:: Problem to work on ::
Could you give the data below again exactly, apart from the pictures?
*** Data block Section Begins ***
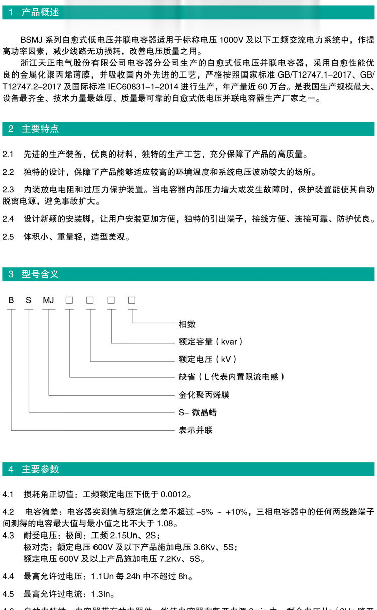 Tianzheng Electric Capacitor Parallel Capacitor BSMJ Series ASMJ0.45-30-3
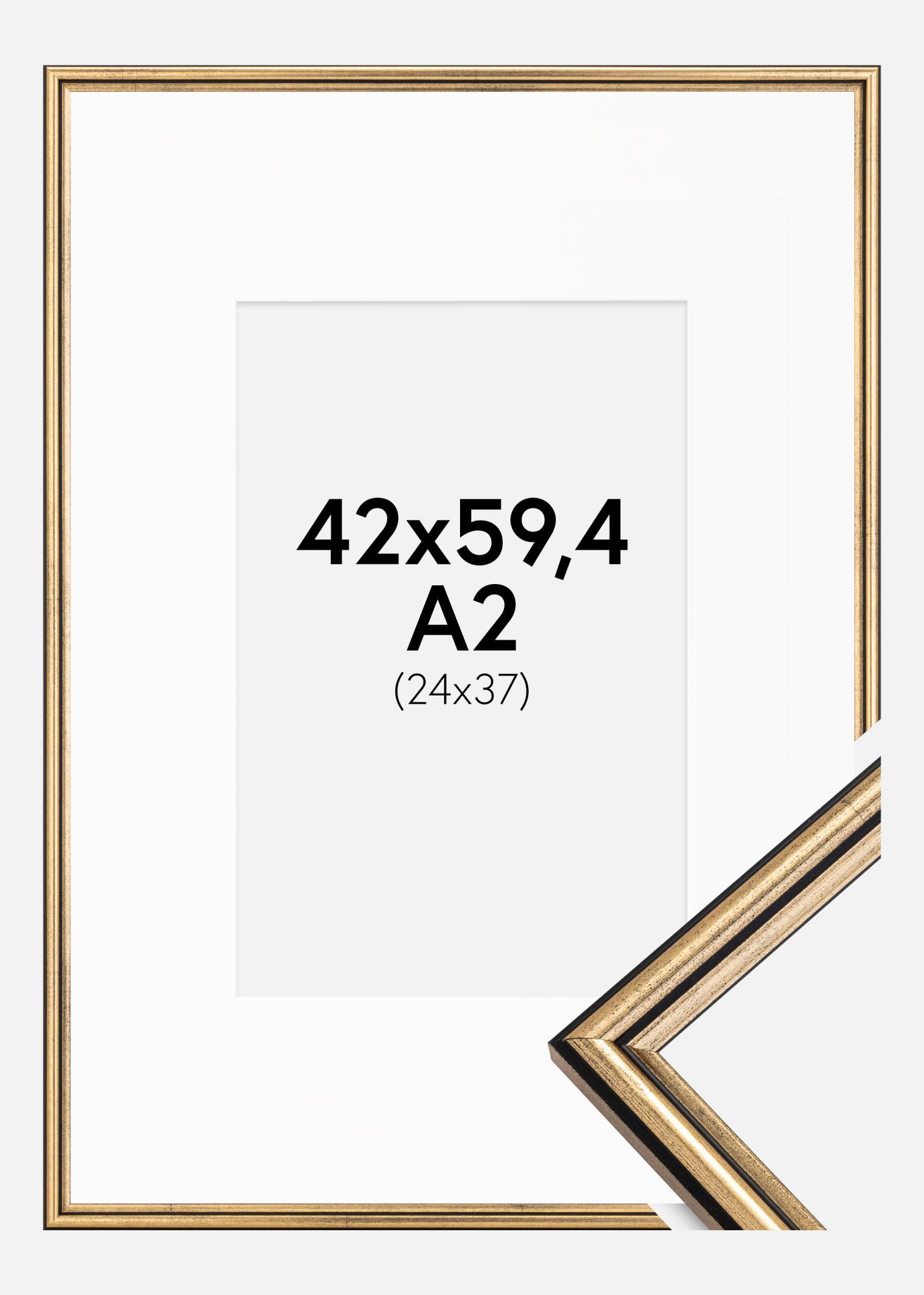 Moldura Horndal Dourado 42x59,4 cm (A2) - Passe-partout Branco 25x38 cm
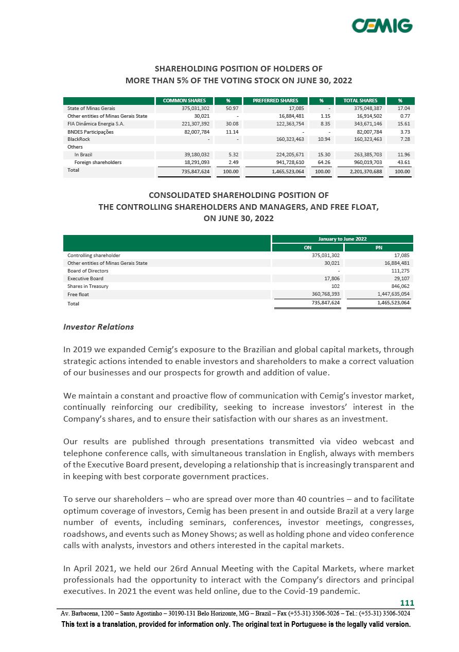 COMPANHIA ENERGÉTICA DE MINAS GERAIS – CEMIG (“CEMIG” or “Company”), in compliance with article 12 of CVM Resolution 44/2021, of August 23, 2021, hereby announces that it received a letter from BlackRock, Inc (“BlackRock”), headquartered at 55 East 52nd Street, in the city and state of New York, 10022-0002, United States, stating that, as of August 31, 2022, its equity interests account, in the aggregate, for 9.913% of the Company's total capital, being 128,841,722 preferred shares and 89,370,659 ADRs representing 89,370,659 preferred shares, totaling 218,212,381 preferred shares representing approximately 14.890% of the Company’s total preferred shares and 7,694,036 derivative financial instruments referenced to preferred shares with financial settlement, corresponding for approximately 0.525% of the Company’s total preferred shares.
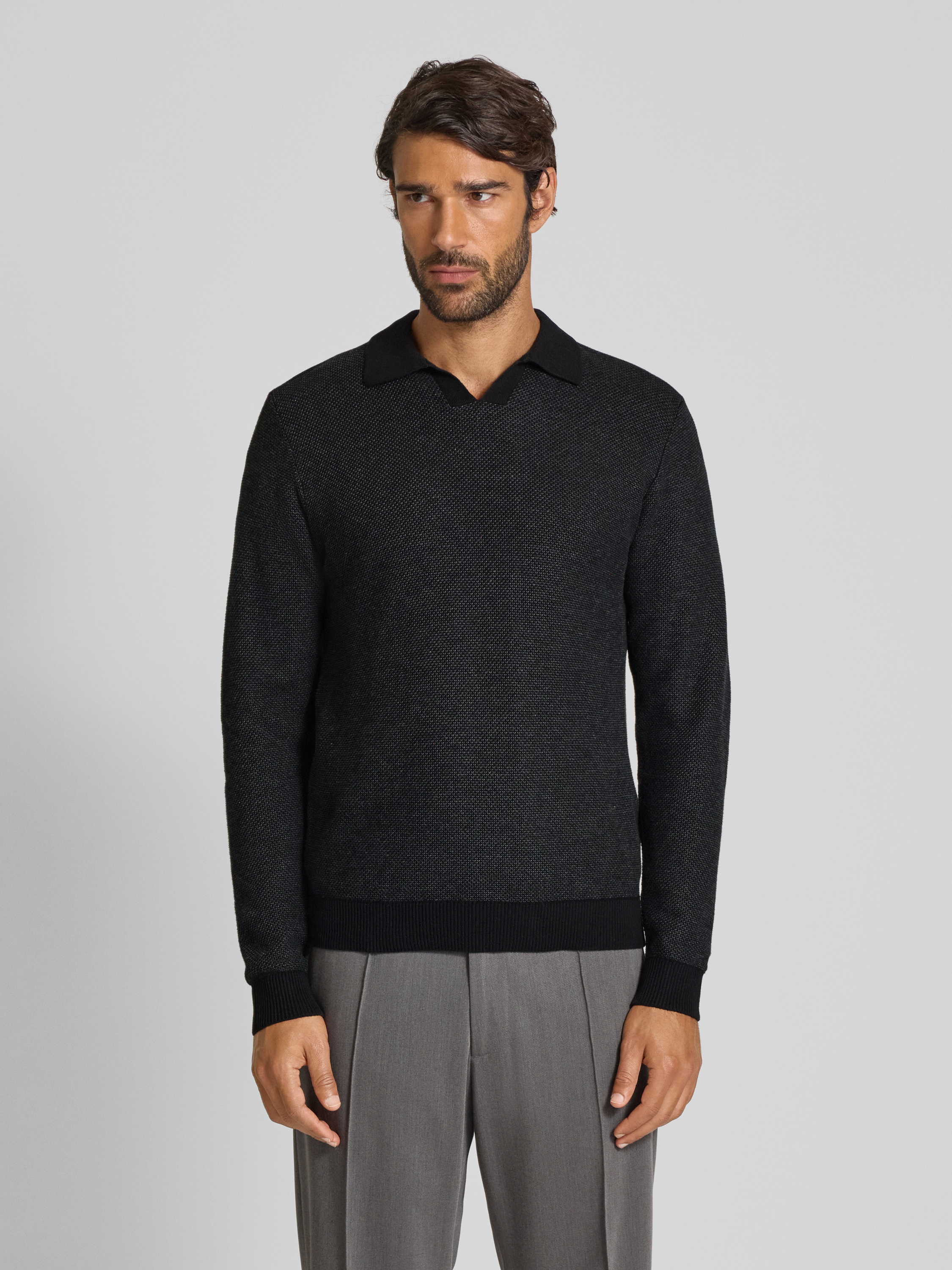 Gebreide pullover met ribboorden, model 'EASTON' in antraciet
*** Data block Section Ends ***
:: Worked solution ::
 Tianzheng Electric Capacitor Parallel Capacitor BSMJ Series ASMJ0.45-30-3
 Moldura Horndal Dourado 42x59,4 cm (A2) - Passe-partout Branco 25x38 cm
 COMPANHIA ENERGÉTICA DE MINAS GERAIS – CEMIG (“CEMIG” or “Company”), in compliance with article 12 of CVM Resolution 44/2021, of August 23, 2021, hereby announces that it received a letter from BlackRock, Inc (“BlackRock”), headquartered at 55 East 52nd Street, in the city and state of New York, 10022-0002, United States, stating that, as of August 31, 2022, its equity interests account, in the aggregate, for 9.913% of the Company's total capital, being 128,841,722 preferred shares and 89,370,659 ADRs representing 89,370,659 preferred shares, totaling 218,212,381 preferred shares representing approximately 14.890% of the Company’s total preferred shares and 7,694,036 derivative financial instruments referenced to preferred shares with financial settlement, corresponding for approximately 0.525% of the Company’s total preferred shares.
 Gebreide pullover met ribboorden, model 'EASTON' in antraciet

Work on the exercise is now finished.